OSC: What are your favorite restaurants?
CW: I don’t have the chance to eat out as often as I’d like – it’s tricky when delicious food is a byproduct of your work! However, there are a few I can’t resist sneaking out to as often as possible (for varied reasons):
- Lucia is my favorite cozy spot for a special date night with my husband. It transports me back to the West Village in New York.
- My favorite burger, hands down, is from Maple and Motor. It’s the kind of burger that, even if I tried to capture all of the goodness with the careful choosing of ingredients and preparation, I wouldn’t get the same result. Their griddle must be seasoned with magic.
- Spiral Diner is a place my husband and I go often. We love our vegetables as much as we love meat, and this is the place we go when we want something decadent and really tasty without losing focus of our love of fresh food.
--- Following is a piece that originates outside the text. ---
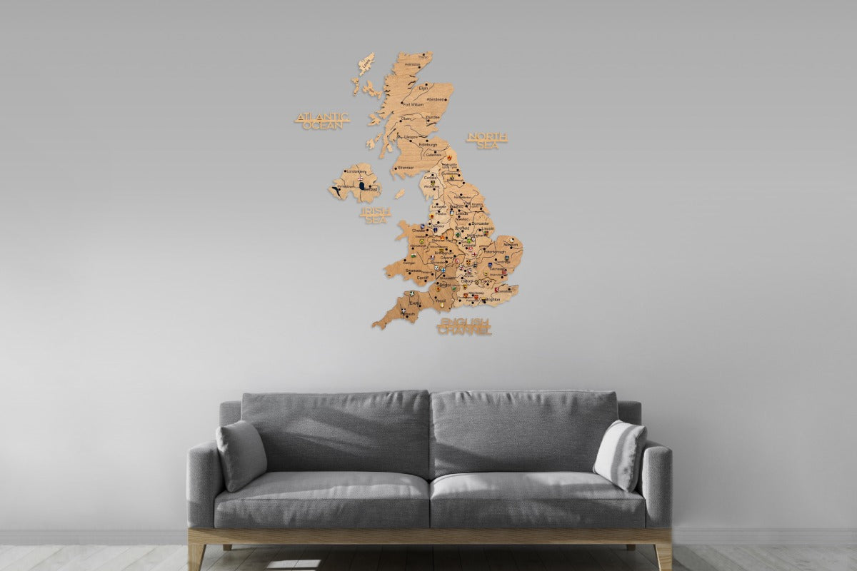 To make the map a personal celebration of journeys taken, special map pins can be purchased separately to mark all the places you have visited or plan to explore within the UK.

OSC: What are your favorite places to shop?
CW: I realize that this wasn’t necessarily meant to be a food-related response, but I definitely have found some awesome markets here that I love so much:
- Central Market - Finding a good market is huge for someone who develops recipes for a living. When I lived in New York, I had a network of stores I trusted – I knew which stores I had to hit to find the perfect thing I was looking for. Central Market has made shopping for my work so easy.
- India Bazaar – a small chain of grocery stores that cater to the Indian community – is my favorite place to shop when I want to feel inspired and challenged by new produce and ingredients. I shop at the one in Richardson, which gives me the excuse to roam around that culinary melting pot for an afternoon while I’m there!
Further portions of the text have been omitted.